Yesterday on my knitting blog I posted about having more ideas than time to get them done. It happens to creative types (including entrepreneurs) quite often. This week I have been trying to pull it all together.

The sabbatical I took for re-focusing my efforts on this business endeavor officially ended on Sunday, so Monday I was back at my regular desk with all of the regular distractions. The time away allowed me to break some unproductive habits, opened space for some creative thinking and allowed me to focus on a bigger plan. So all-in-all I would call the sabbatical a success even though it got off to a rough start. The result is I have lots of ideas I want to implement, but a limited capacity due to the normal constraints of time, money or both. Even so, this week I was able to make serious strides in pulling it all together before the end of the year by utilizing a variety of tactics. Confirmed success remains to be seen, but I remain confident.

1. Prioritize

This comes up quite often on this blog, but it is simply because it is such a critical element of success in so many scenarios. Not everything can ever be done at once, even if you have a huge staff, but all the more so when personnel resources are limited.

In some cases prioritization is a function of deciding which activities will generate the biggest bang for the buck. Other times it is based on sequencing activities in a logical order — what needs to be in place first, second and so on.

It is always acceptable to postpone the implementation of an idea for weeks or months. A couple of the ideas I have are just going to have to wait until I have more capacity. However, by doing so, I am confident that when I do take action,  I will end up with a much better result.

2. Hire Outside Experts

Whenever possible, hiring an expert in a particular area will save lots of time and should be well worth the investment. A coach or consultant is not an automatic “fix all” (I’ve written about that before), but they can and should bring insights, expertise and/or a fresh point of view.
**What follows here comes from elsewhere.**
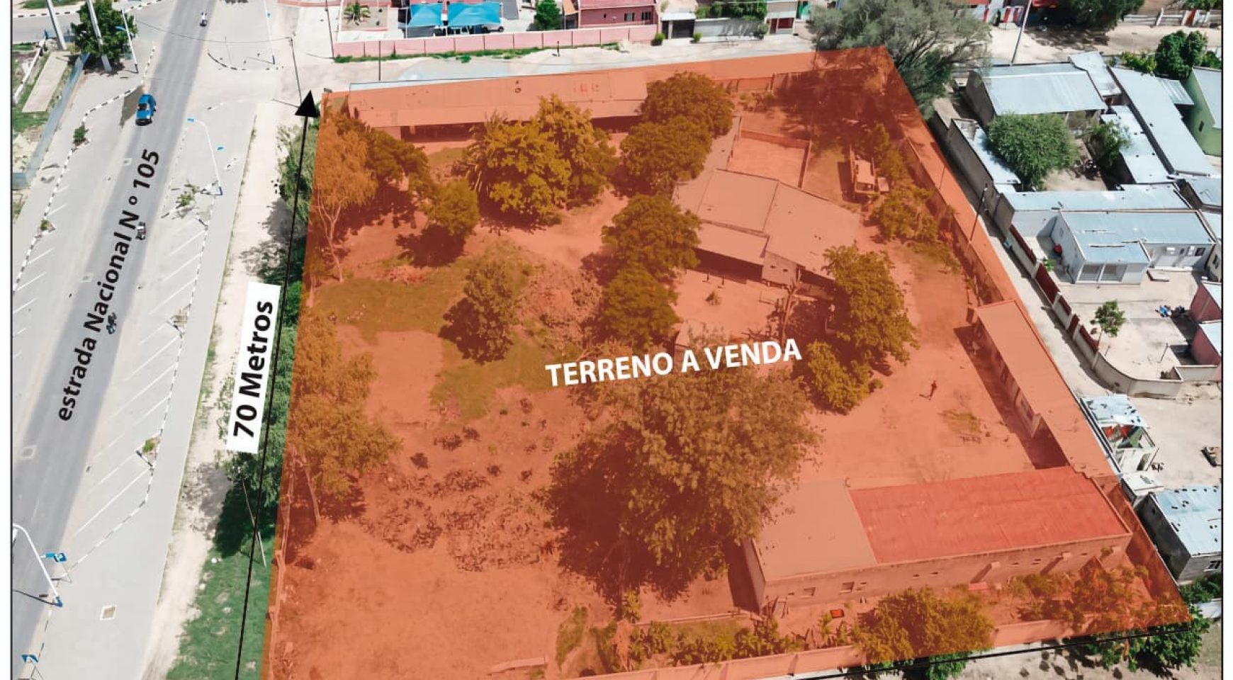 O terreno possui uma área total de 4.716,55 m², com natureza urbana/rústica, documentação regularizada e Direito de Superfície, encontrando-se frontal à Estrada Nacional nº 105, um dos principais eixos rodoviários da região sul de Angola, com ligação direta à República da Namíbia.

One of the tricks to maximizing the investment is to be very clear what problem you are looking to solve or question you are needing answered. The more specific you can be, the more focused your expert can be with their time. The time I spent with my expert this week produced a very clear checklist of action items that I can address in fairly short order. Without her guidance, I am sure I would have just floundered.

3. Finish Before the Deadline

If you talk with anyone who has a reputation for consistent delivery of content, posts, newsletters, etc., most (if not all) is prepped, queued up and ready to go days, weeks or in some cases even months in advance. Seth Godin is reported to have said that if he stopped posting to his blog, it would be months, plural, before anyone would notice.

I am doing this right now with my new newsletter offering starting in January, called the Weekly Course of Action (click that link to sign up). My goal is to have at least 4 – 8 weeks of content ready to go at any time. Then if I am traveling, have an unexpected emergency, or some other distraction, the Weekly Course of Action will still be delivered on Sunday as promised.

If something that is more time-sensitive arises that you want to add, no problem! Just adjust the other content as necessary.

4. Delegate If At All Possible

The key to finding more time is to multiply yourself and the only way to accomplish that (as far as I know) is to leverage the time of others. Just because it is your idea doesn’t mean you have to be the one to implement all of the details. This is particularly true with repetitive tasks. Even if it takes more time to instruct and train initially, after just a few weeks or months, the time savings usually becomes very apparent.

The trick is giving up some level of control. Depending upon your personality this can be exceedingly difficult. But if you are struggling with delegation, just ask yourself how much unique value you actually bring to the task. My virtual assistant (VA) not only frees up some of my time, she also brings her own skills – which often supplement where mine are lacking.

5. Invest in Tools to Streamline and Systematize

These days there is an app for practically everything. Even so, that doesn’t mean that they are actually helping you be more efficient. It is rare to find any product that has no short-comings; inevitably there will be a manual step or work-around. However, if you can keep those to a minimum, you can truly gain time to be allocated to other activities.

By carefully evaluating your processes and tools on an annual basis you may discover it is time to make a change. Sometimes a change is required as a result of the changing needs of your business. Other times it is because you become aware of an available option that more closely suits your needs. Regardless, good tools, well implemented, can really make a positive productivity impact.

Although moving to ConvertKit has not been seamless, I truly believe the integration features will more than recoup my time within the first quarter. Ultimately I will be able to replace two applications that I have to manage separately with one. Not only will that be a win in time, it should also end up being a win financially.

Pulling it all together is a recurring challenge. What tricks and tactics do you utilize?